### TASK TO CARRY OUT
Without including the pictures, copy out every line below.

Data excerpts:
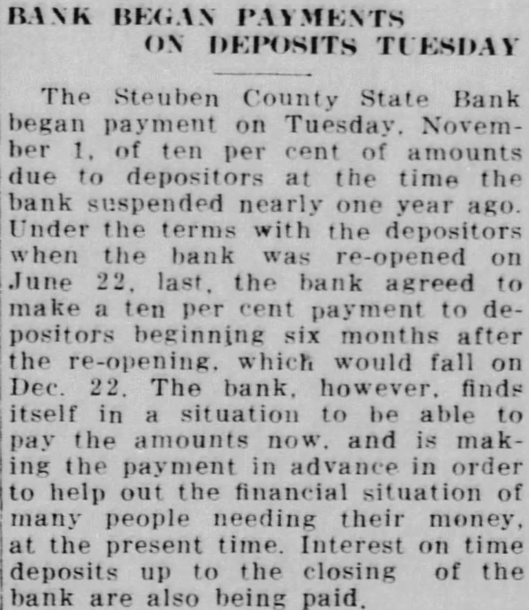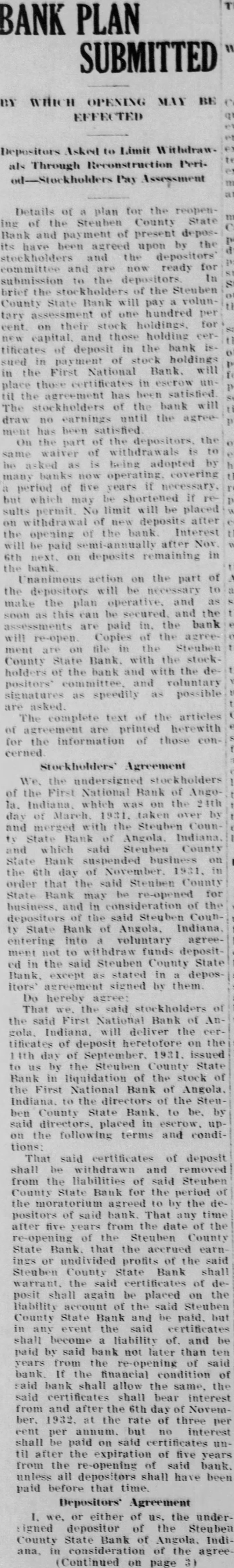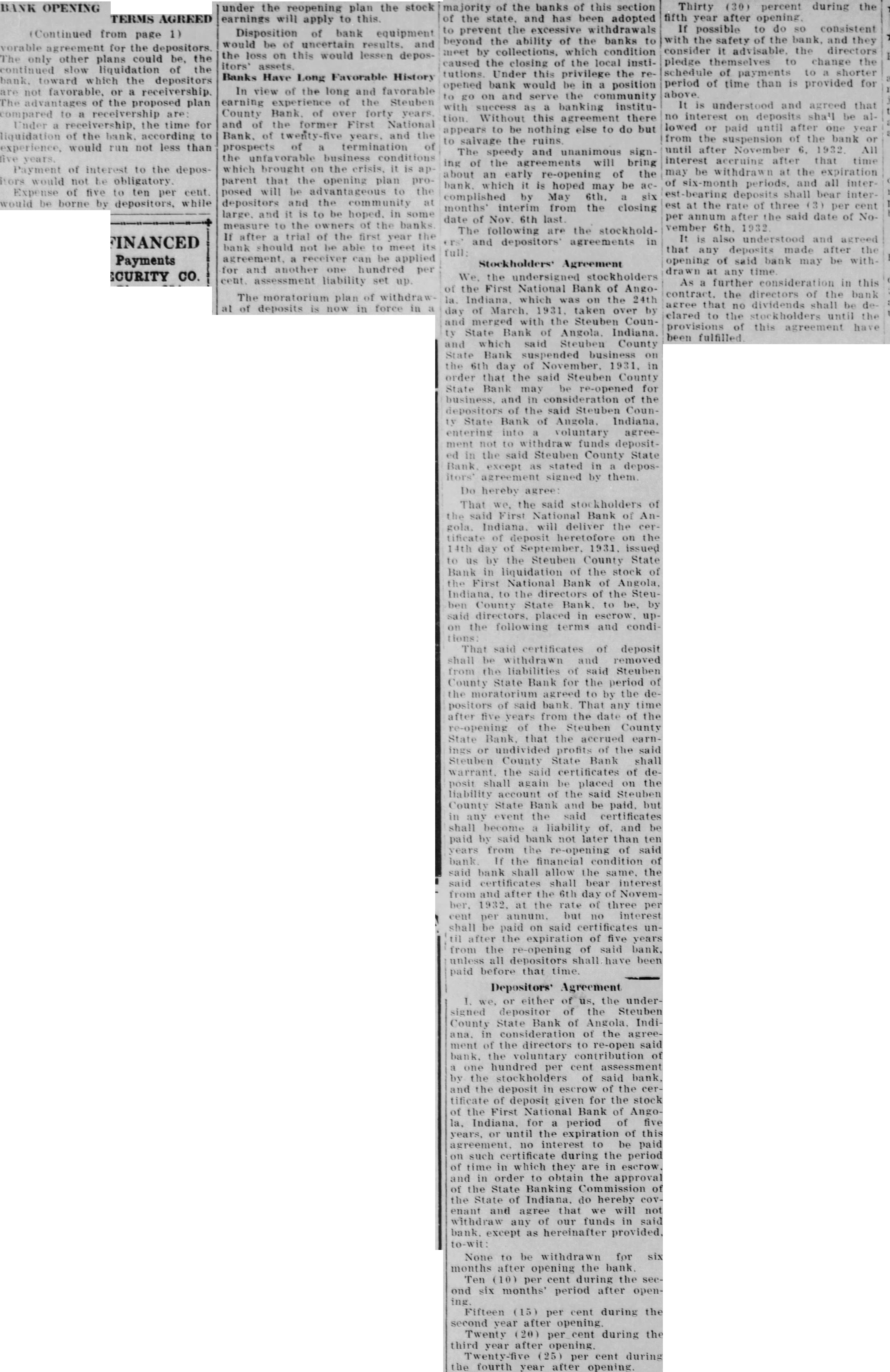 (Continued from page 1) vorable agreement for the depositors The only other plans could be, the continued slow liquidation of the bank. toward which the depositors are not favorable. or a receivership. The advantages of the proposed plan compared to a receivership are: Under a receivership, the time for liquidation of the bank. according to experience, would run not less than five years Payment of interest to the deposhors would not be obligatory Expense of five to ten per cent. would be borne by depositors, while under the reopening plan the stock earnings will apply to this Disposition of bank equipment would be of uncertain results. and the loss on this would lessen deposassets. Banks Have Long Favorable History In view of the long and favorable earning experience of the Steuben County Bank of over forty years and of the former First National Bank. of twenty-five years. and the prospects of a termination of the unfavorable business conditions which brought on the crisis, it is apparent that the opening plan proposed will be advantageous to the depositors and the community at large. and it is to be hoped. in some measure to the owners of the banks If after a trial of the first year the bank should not be able to meet its agreement. a receiver can be applied for and another one hundred per cent. assessment liability set up.
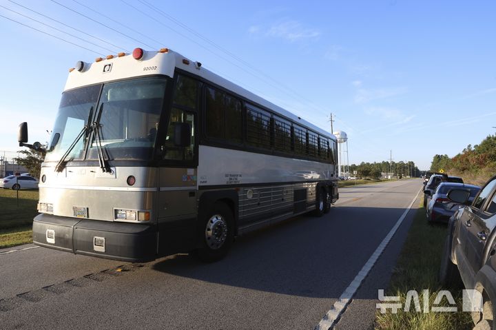[포크스턴=AP/뉴시스] 10일(현지 시간) 미국 조지아주 포크스턴 이민세관단속국(ICE) 구금 시설에서 버스 한 대가 이동하고 있다. 정부에 따르면 11일 정오 한국인 316명 등 총 330명이 전세기에 탑승해 귀국할 예정이다. 2025.09.11. |
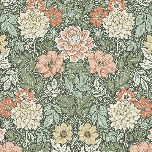 Schumacher Dahlia Garden Green Wallpaper Sample$5.00 Per Sample
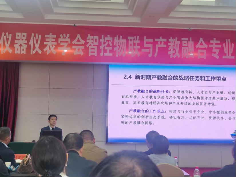 10月13日上午,河南省仪器仪表学会智控物联与产教融合专业委员会成立大会暨产教融合高峰论坛在河南工程学院隆重举行,awc777万象城娱乐官网副校长方润生,智能工程学院院长刘於勋、副院长姜伟,教师代表翟会丽、金尚元、易红星参会研讨。本次大会由河南省仪器仪表学会主办,河南工程学院、河南瑞目智能科技有限公司承办。大会选举了河南省仪器仪表学会智控物联与产教融合专业委员会首届理事会成员单位,河南工程学院计算机学院当选为理事长单位,华北水利水电大学、awc777万象城娱乐官网、驻马店职业技术学院等十余家省内知名高校及企业当选副理事长单位。
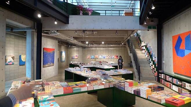 위아래 공간을 뚫은 전시장 겸 책방이었는데 마침 백순실 화백의 전시회 중이기도 했습니다. 책과 그림이 어우러지는 풍경은 언제나 반갑습니다.
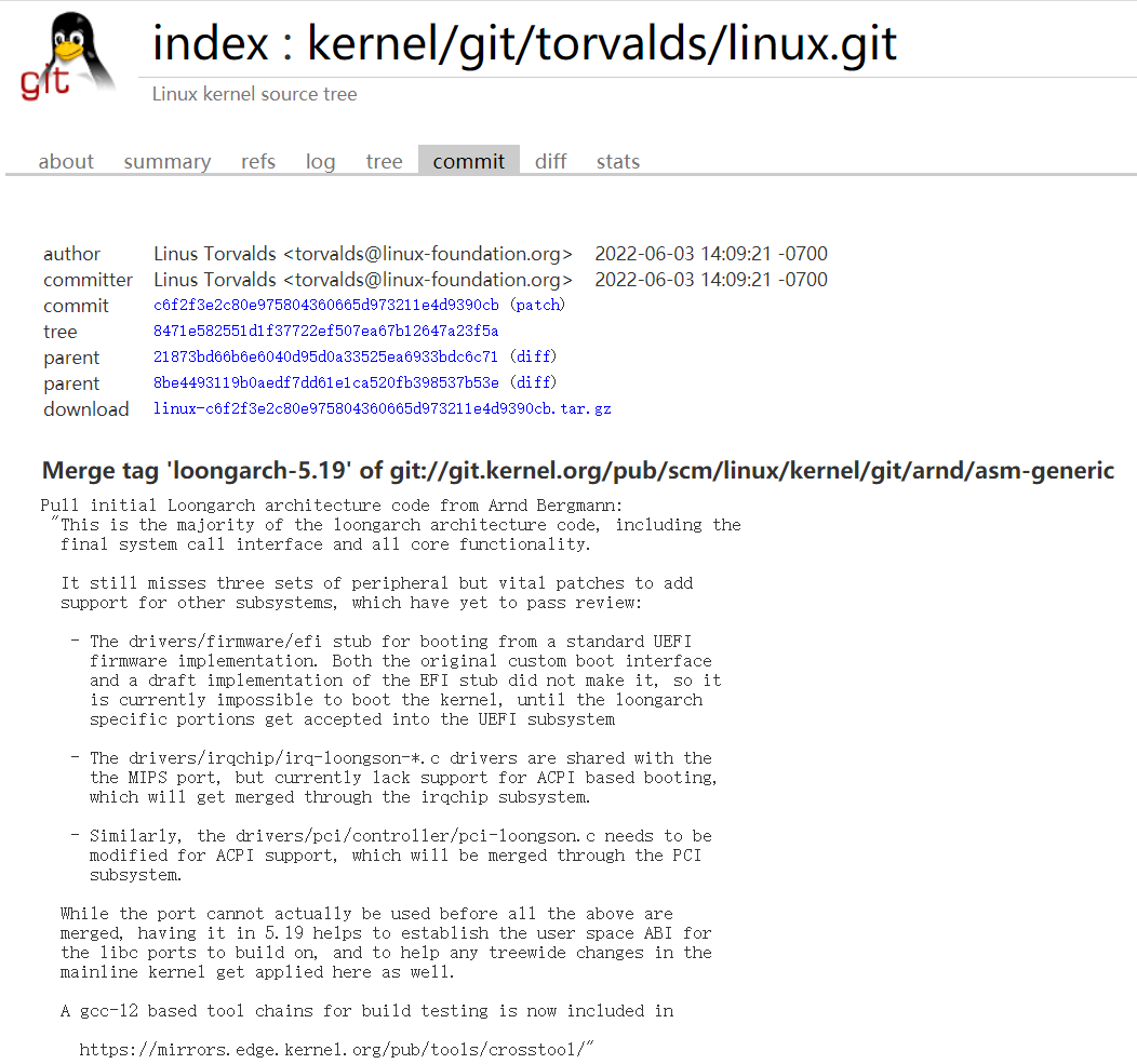 After more than a year of close collaboration with Loongson Technology, the Linux Kernel community officially merged the code of LoongArch on the morning of June 4, 2022, Beijing time. With the official release of Linux 5.19-rc1, the main source code of LoongArch has been merged into the kernel mainline, while the remaining is under review.
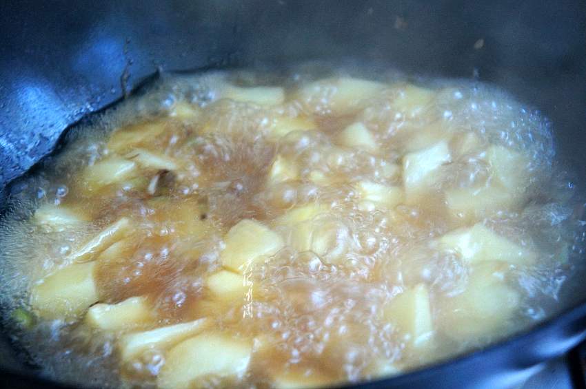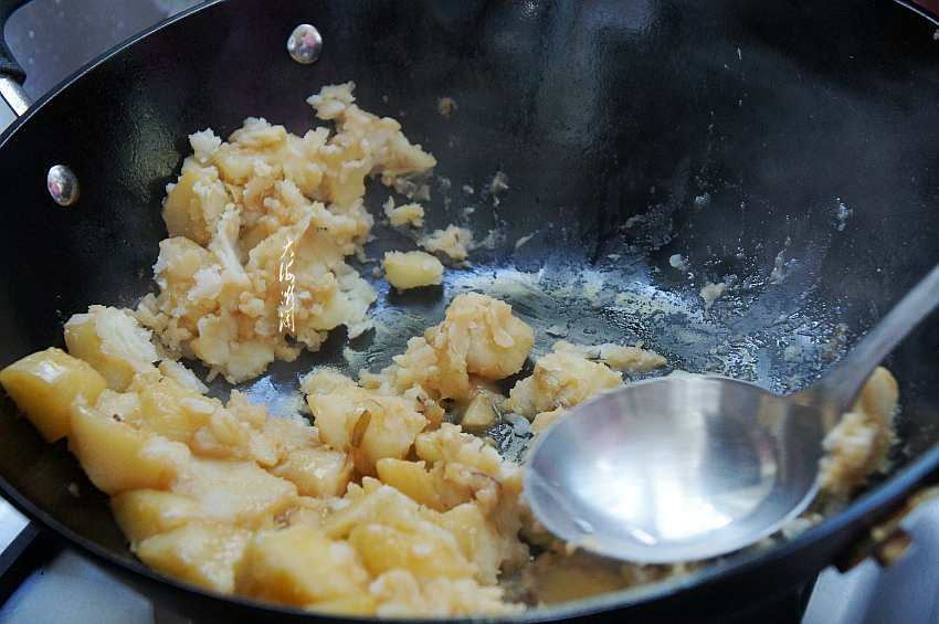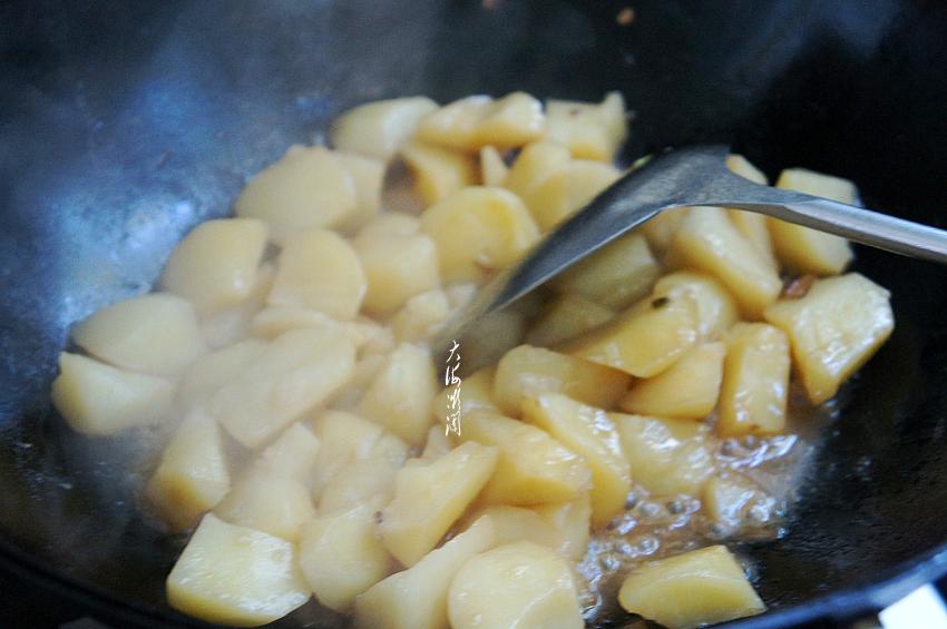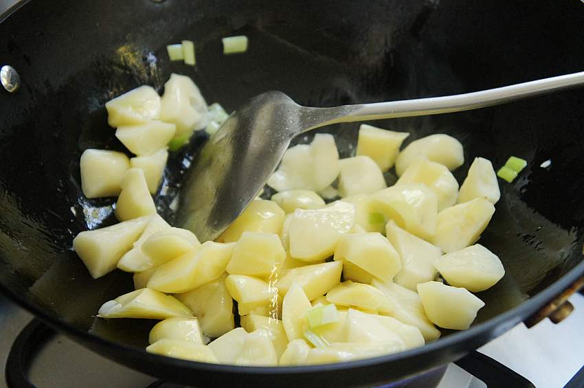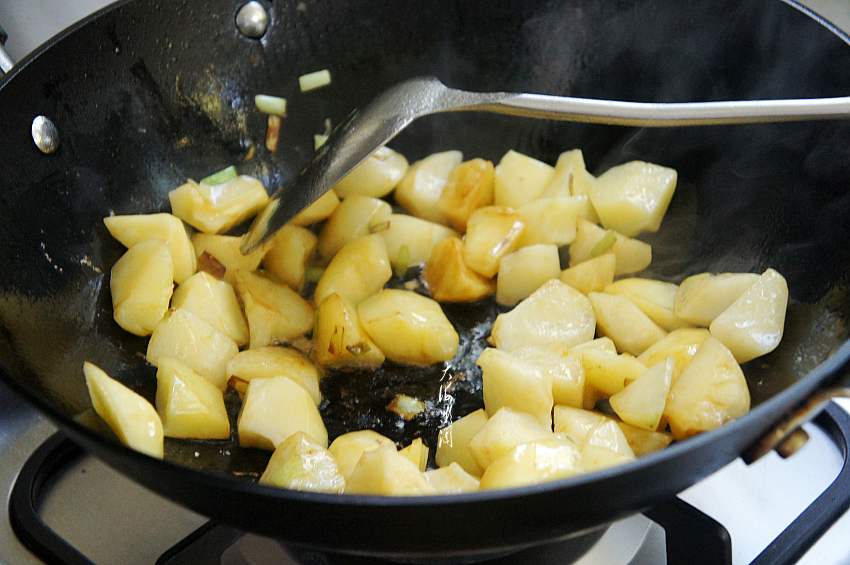 3、炒锅加入适量的油,爆香五香粉和葱花,加入土豆块翻炒;
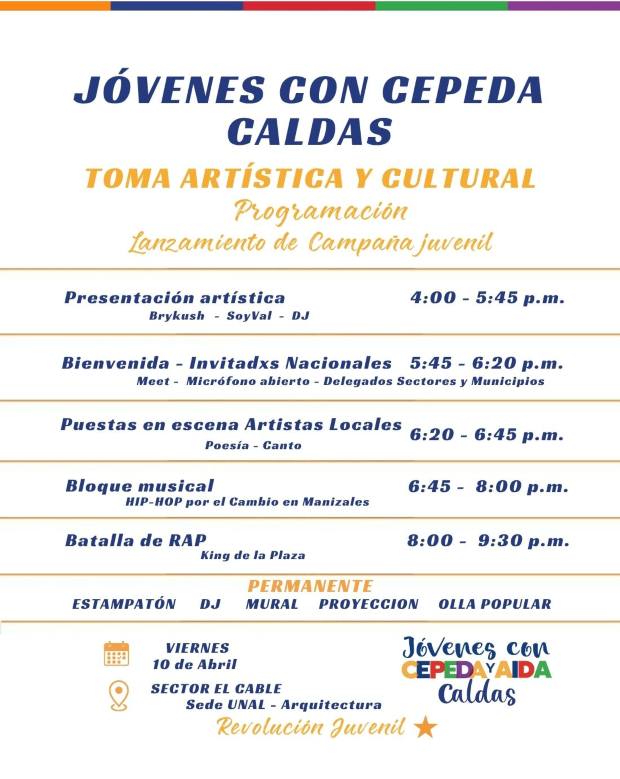 Esa convocatoria llevó a que la Universidad Nacional de Colombia, Sede Manizales, publicara un comunicado dirigido a la comunidad universitaria y a la ciudadanía en general sobre el evento denominado Jóvenes con Cepeda Caldas - Toma artística y cultural.
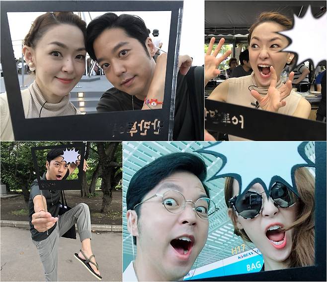 만화 컷을 연상시키는 여행 토퍼를 들고 찍은 김윤아-김형규의 독특한 셀카들이 공개돼 폭소를 유발하고 있는 것.

### TASK SOLUTION
 (Continued from page 1) vorable agreement for the depositors The only other plans could be, the continued slow liquidation of the bank. toward which the depositors are not favorable. or a receivership. The advantages of the proposed plan compared to a receivership are: Under a receivership, the time for liquidation of the bank. according to experience, would run not less than five years Payment of interest to the deposhors would not be obligatory Expense of five to ten per cent. would be borne by depositors, while under the reopening plan the stock earnings will apply to this Disposition of bank equipment would be of uncertain results. and the loss on this would lessen deposassets. Banks Have Long Favorable History In view of the long and favorable earning experience of the Steuben County Bank of over forty years and of the former First National Bank. of twenty-five years. and the prospects of a termination of the unfavorable business conditions which brought on the crisis, it is apparent that the opening plan proposed will be advantageous to the depositors and the community at large. and it is to be hoped. in some measure to the owners of the banks If after a trial of the first year the bank should not be able to meet its agreement. a receiver can be applied for and another one hundred per cent. assessment liability set up.
[포크스턴=AP/뉴시스] 10일(현지 시간) 미국 조지아주 포크스턴 이민세관단속국(ICE) 구금 시설에서 버스 한 대가 이동하고 있다. 정부에 따르면 11일 정오 한국인 316명 등 총 330명이 전세기에 탑승해 귀국할 예정이다. 2025.09.11. |
 Schumacher Dahlia Garden Green Wallpaper Sample$5.00 Per Sample
 10月13日上午,河南省仪器仪表学会智控物联与产教融合专业委员会成立大会暨产教融合高峰论坛在河南工程学院隆重举行,awc777万象城娱乐官网副校长方润生,智能工程学院院长刘於勋、副院长姜伟,教师代表翟会丽、金尚元、易红星参会研讨。本次大会由河南省仪器仪表学会主办,河南工程学院、河南瑞目智能科技有限公司承办。大会选举了河南省仪器仪表学会智控物联与产教融合专业委员会首届理事会成员单位,河南工程学院计算机学院当选为理事长单位,华北水利水电大学、awc777万象城娱乐官网、驻马店职业技术学院等十余家省内知名高校及企业当选副理事长单位。
 위아래 공간을 뚫은 전시장 겸 책방이었는데 마침 백순실 화백의 전시회 중이기도 했습니다. 책과 그림이 어우러지는 풍경은 언제나 반갑습니다.
 After more than a year of close collaboration with Loongson Technology, the Linux Kernel community officially merged the code of LoongArch on the morning of June 4, 2022, Beijing time. With the official release of Linux 5.19-rc1, the main source code of LoongArch has been merged into the kernel mainline, while the remaining is under review.
 3、炒锅加入适量的油,爆香五香粉和葱花,加入土豆块翻炒;
 Esa convocatoria llevó a que la Universidad Nacional de Colombia, Sede Manizales, publicara un comunicado dirigido a la comunidad universitaria y a la ciudadanía en general sobre el evento denominado Jóvenes con Cepeda Caldas - Toma artística y cultural.
 만화 컷을 연상시키는 여행 토퍼를 들고 찍은 김윤아-김형규의 독특한 셀카들이 공개돼 폭소를 유발하고 있는 것.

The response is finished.